Die ArbeiterInnen und ihre Gewerkschaft SUTISS (Vereinigte Gewerkschaft der StahlarbeiterInnen und ähnlicher Branchen) fordern nicht nur einen Kollektivvertrag, sondern auch die Re-Verstaatlichung des Stahlwerks; da ja auch die venezolanische Regierung während den letzten paar Jahren viel über die Rücknahme von Privatisierungen gesprochen hat. Weniger als ein Drittel der ArbeiterInnen bei SIDOR haben einen fixen Arbeitsplatz, die anderen zwei Drittel verfügen nur über befristete Verträge und bedeutend weniger Rechte (Urlaub, Wohnförderung, Arbeitsplatzsicherheit…). Ein weiteres Ziel des aktuellen Kampfes ist es, unbefristete Verträge für alle ArbeiterInnen durchzusetzen.

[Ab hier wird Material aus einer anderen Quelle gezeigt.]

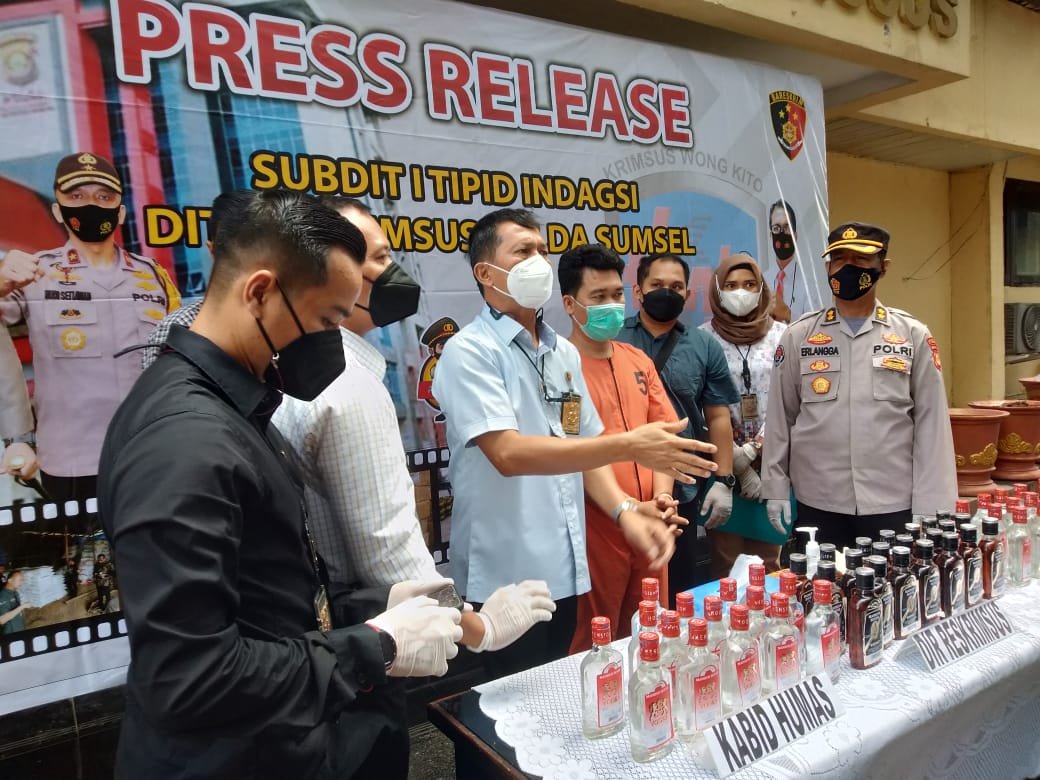 Ditreskrimsus Polda Sumsel berhasil Ungkap Pembuat minuman beralkohol Palsu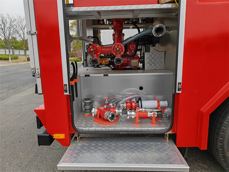 The fire pump is driven by PTO, with a pressure range of 1.6-2.5 MPa and a flow rate of 80-120 kg/s. The fire cannon has a spray speed of 60-100 kg/s and a range of 40-60 meters, which can effectively respond to various fire situations. The Howo fire truck is also equipped with a full set of standard fire rescue equipment, such as shovels, crowbars, axes and cutting equipment, and ladders and floodlights are optional.
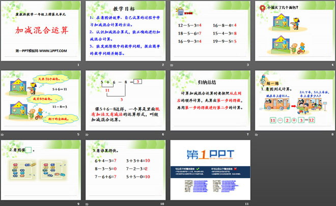 关键词:20以内的减法教学课件,加减混合运算教学课件,冀教版一年级上册数学PPT课件下载,一年级数学幻灯片课件下载,20以内的减法PPT课件下载,加减混合运算PPT课件下载,.PPT格式;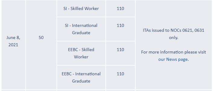 加拿大當(dāng)?shù)貢r間2021年6月8日,BC PNP發(fā)出了新一輪邀請。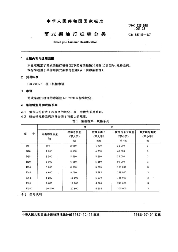 GB 8515-1987 筒式柴油打桩锤分类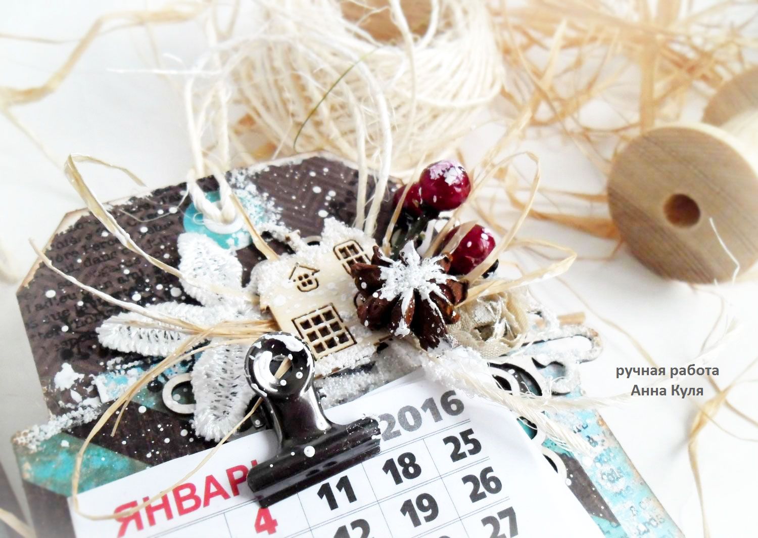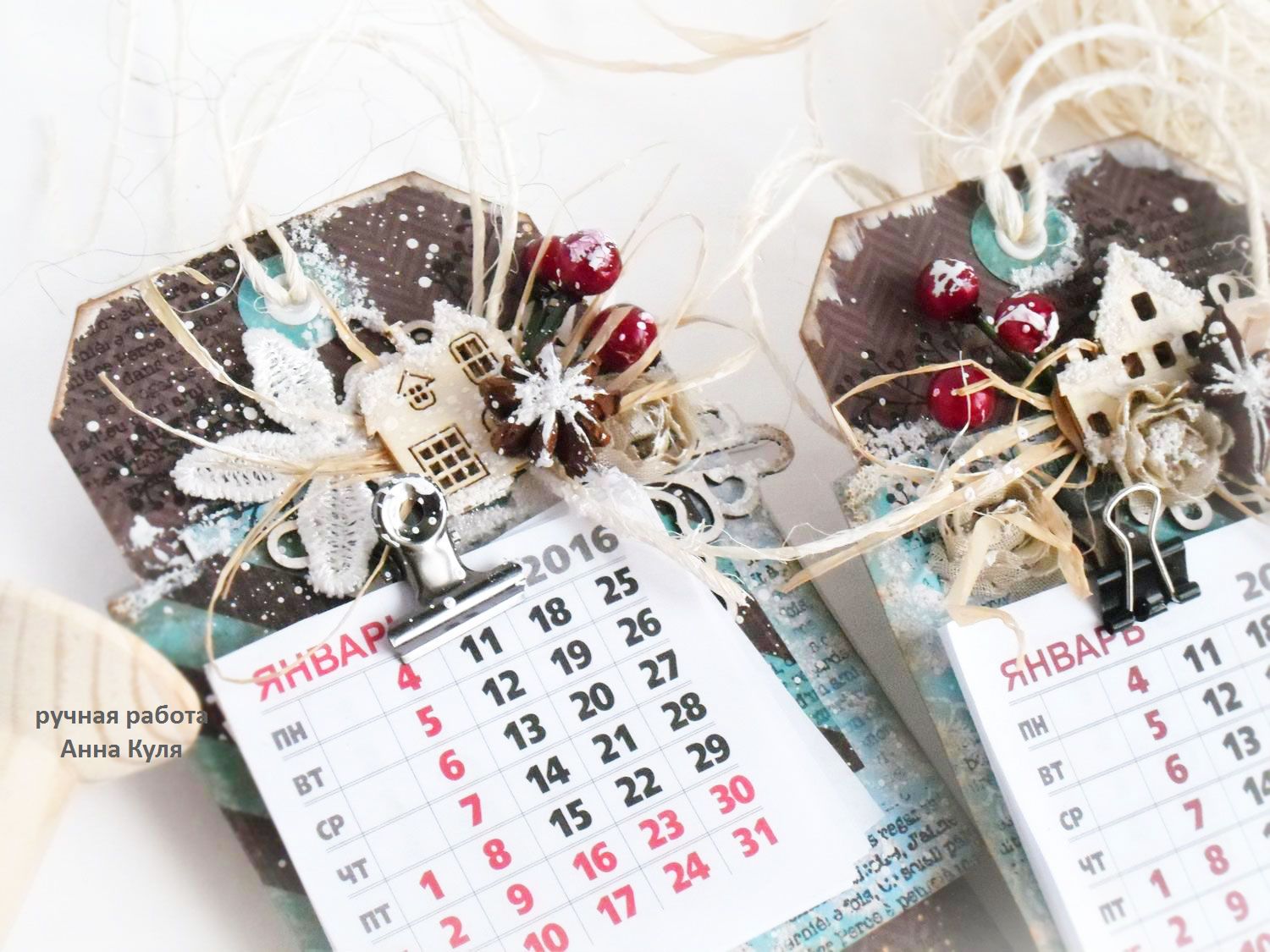 Такие теги-магниты сделала на подарки коллегам по работе: пара часов работы, остатки бумаги от проекта и немного декора. Календарики купила в киоске как-то по пути домой, но если есть принтер, то выбрать удобную сетку, размер и цвет шрифта еще проще.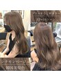 ブリーチ無しで柔らかいシナモンべージュ!赤みを抑えた色を楽しみたい方オススメ!柔らかい質感の毛流れと色味で可愛く上品に仕上げます。ブリーチ無しのダブルケアカラー で徐々に柔らかい色味にも可能です!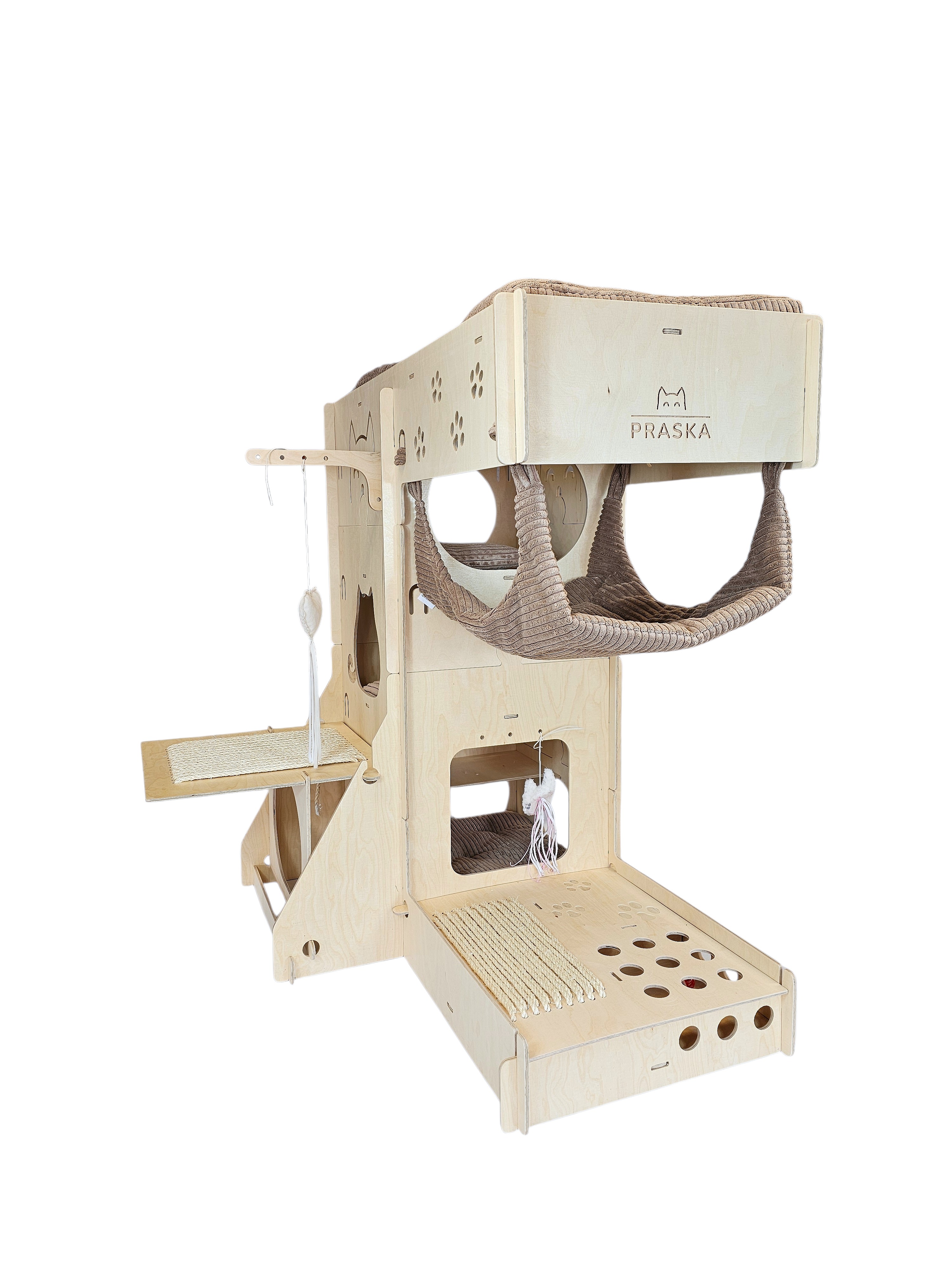 Domki z pochylnią, drapakiem i labiryntem zaprojektowane według wytycznych behawiorystów ! Zapewniają kotu ruch, bodźce, spokojny sen i przestrzeń, która minimalizuje stres. (Wersja po modernizacji z czerwca 2025 roku)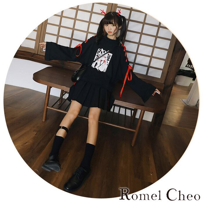 RomelCheo 和柄黒スカート モントーン ミニスカート 和柄 和テイスト アジアン エスニック レトロ モダン ロリータ ゆめかわいい 和風 原宿系 青文字系 ストリート系 韓国 レディース ファッション カジュアル ロメルチェオ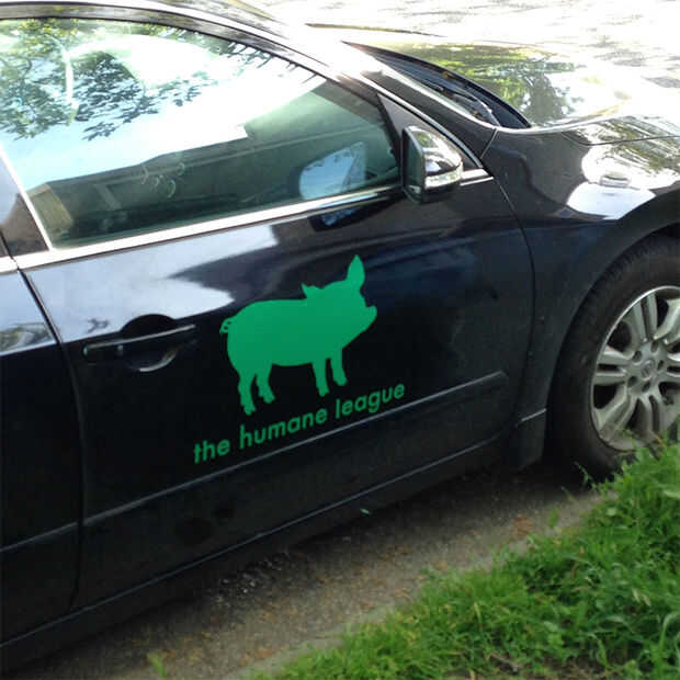 Stephanie es el director de la oficina de San Francisco de La Liga humanitaria, una organización de protección animal. Ella da presentaciones en escuelas y viaja mucho por su trabajo de divulgación. Ella vino a un Hack para la noche de animales y se nos ocurrió la idea de convertir su coche personal en algo que promueve su organización mientras viaja, por lo que ayudó a hacer esta etiqueta engomada del vinilo de corte.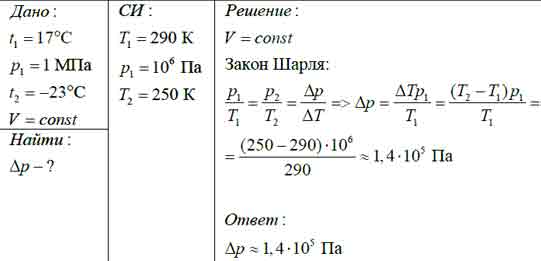 В баллоне постоянного объёма находится идеальный газ при температуре 17 °С и давлении 1 МПа. Температуру газа понизили до -23 °С. Определите изменение давления газа.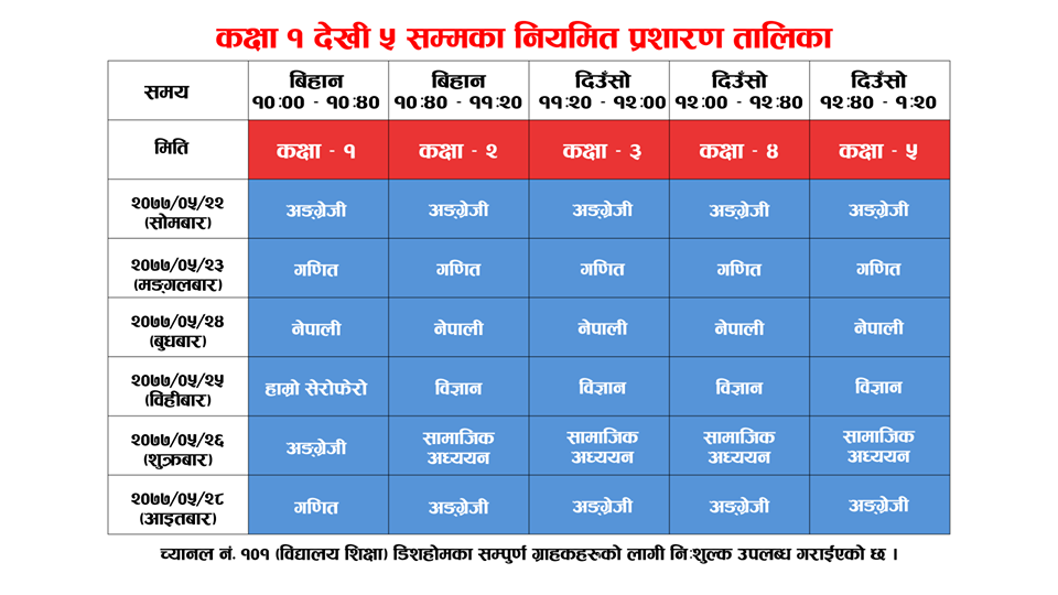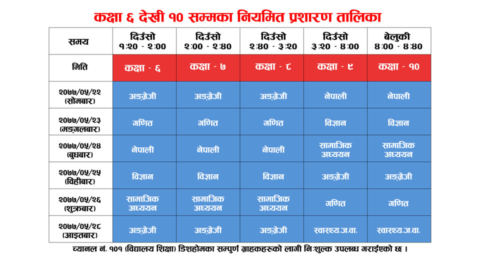 शिक्षा विज्ञान तथा प्रविधि मन्त्रालय, शिक्षा तथा मानव स्रोत विकास केन्द्रबाट उत्पादन गरिएका कक्षा १ देखी १० सम्मका विषयगत पाठहरु मिति २०७७ भाद्र २२ गते देखी तल दिइएको तालिका अनुसार डिशहोम च्यानल नं १०१ मा प्रशारण भइरहेको छ ।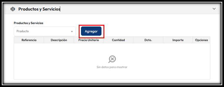 Si previamente no se ha parametrizado esta información, se puede hacer desde este paso en el botón “Agregar”; ingresar toda la información solicitada en el formulario, en la sección de “Descuentos” siempre hacer clic en el signo + para que el sistema guarde la información y finaliza con el botón “Agregar”: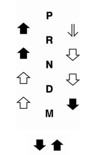 | Attenzione Non cambiare tra D (Drive) e R (Reverse) o P (Park) con il veicolo in movimento. In caso contrario, sussiste il rischio di danni al cambio e lesioni personali. |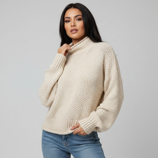 Théa | Geribde Trui Met Opstaande Kraag En Oversized Pasvorm Dames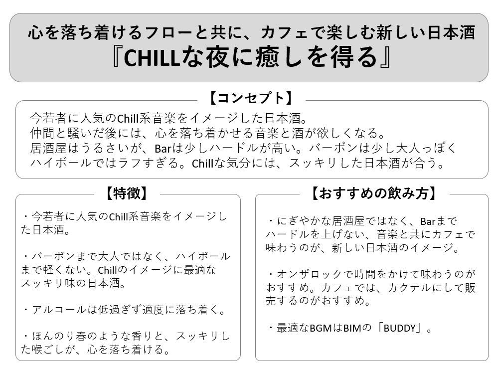 新商品「CHILLな夜に癒しを得る」は、「チルい」気分つまり「リラックスして気分がよい」時にマッチした日本酒です。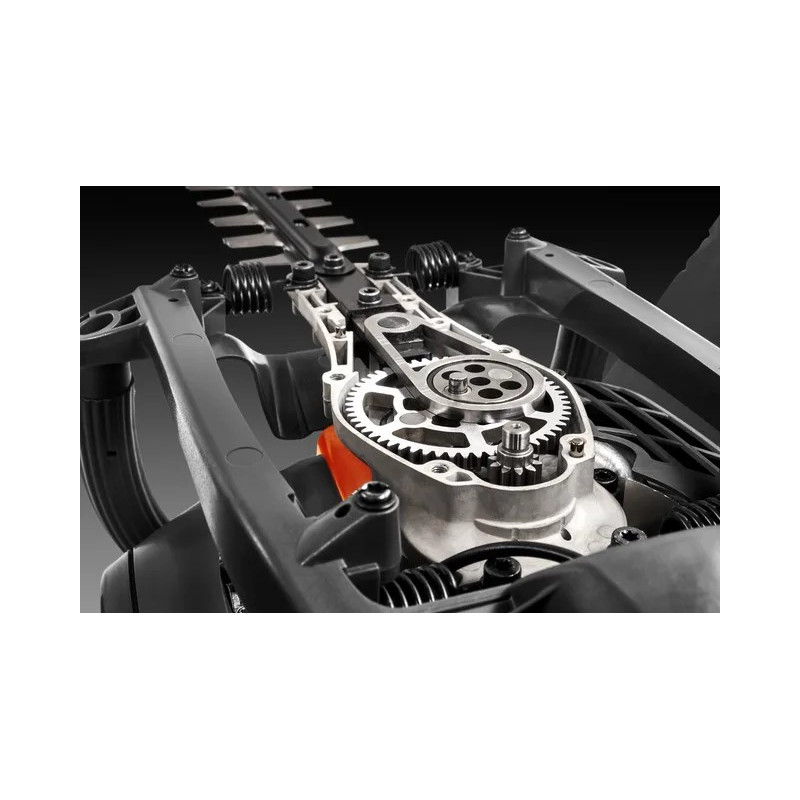 Nůžky na živý plot s oboustrannou střihací lištou o délce 75 cm, osazené motorem o objemu 21,7 ccm s vysokým točivým momentem, ideální pro stříhání tvrdších větví.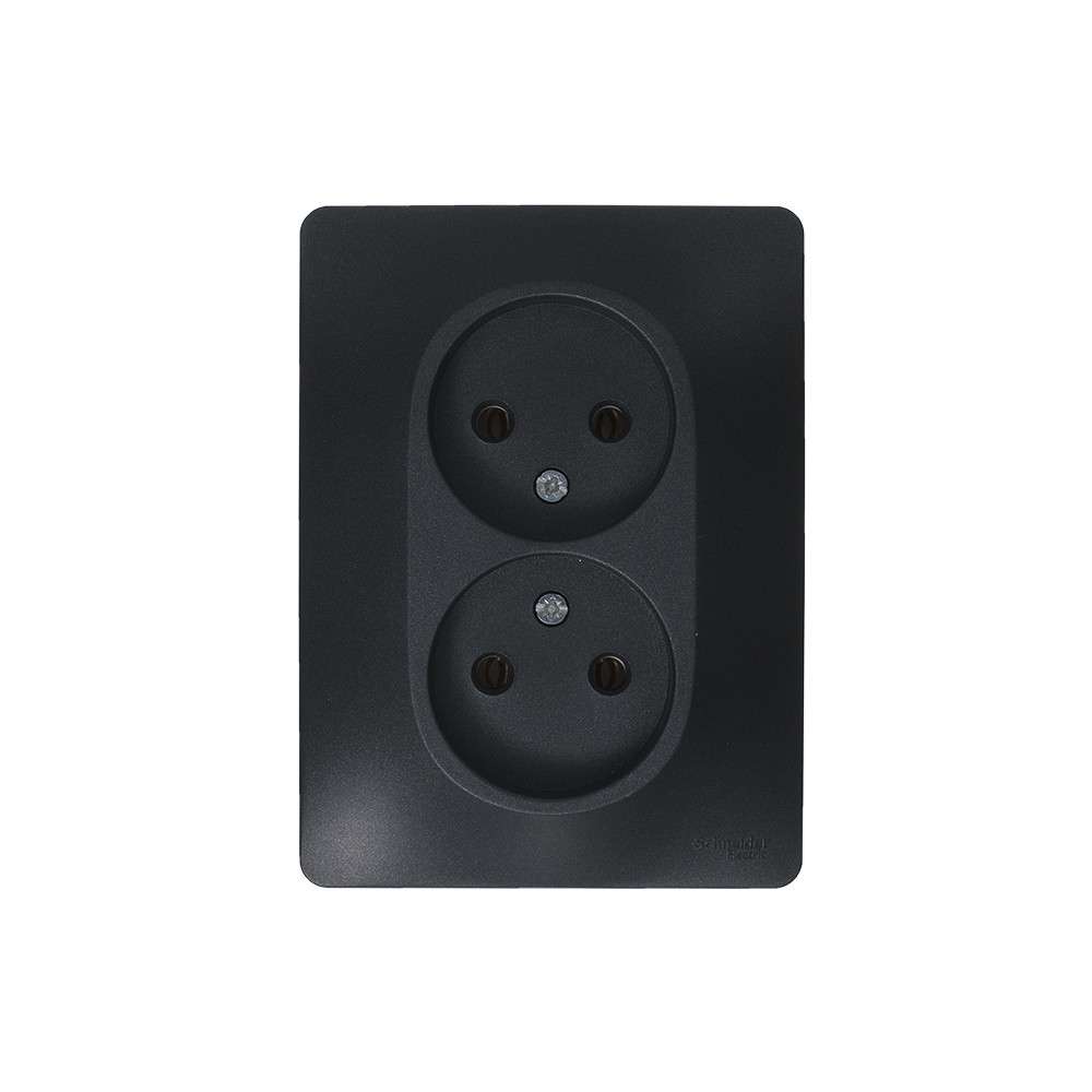 Розетка двойная Systeme Electric (ранее Schneider Electric) серии Glossa (в сборе, цвет антрацит) без заземления и без шторок подходит для сетей 250 В, на ток 16 А. - Выполнен из материала PС+ASA, стойкого к УФ-излучению и появлению царапин. - Эргономичные клеммы розеток расположены в один ряд. - Двойная розетка позволяет подключить два устройства в одном месте.

Venezuelas Präsident Hugo Chávez schwieg sich über den Konflikt bei SIDOR aus: bis heute, zwei Wochen nach der brutalen Repression, hat er sich nicht von dem Vorgehen der Nationalgarde distanziert oder auf die Forderungen nach Verstaatlichung reagiert. Die Regierung von Chávez will ihre guten Verbindungen zur argentinischen Regierung unter Cristina Kirchner, welche hinter dem Technit-Konzern steht, nicht riskieren.

"Wenn das eine US-amerikanische Firma wäre, hätte sie die Regierung schon längst reverstaatlicht", beschweren sich die ArbeiterInnen-VertreterInnen. José Melendez, vom SUTISS-Vorstand bringt die Notwendigkeit der Verstaatlichung aller multinationalen Konzerne ins Spiel. "In Venezuela sprechen wir über Sozialismus, aber unsere FührerInnen sollten uns sagen, welchen Sozialismus sie meinen, nachdem die KapitalistInnen auf Kosten der ArbeiterInnen so weitermachen können wie sie wollen."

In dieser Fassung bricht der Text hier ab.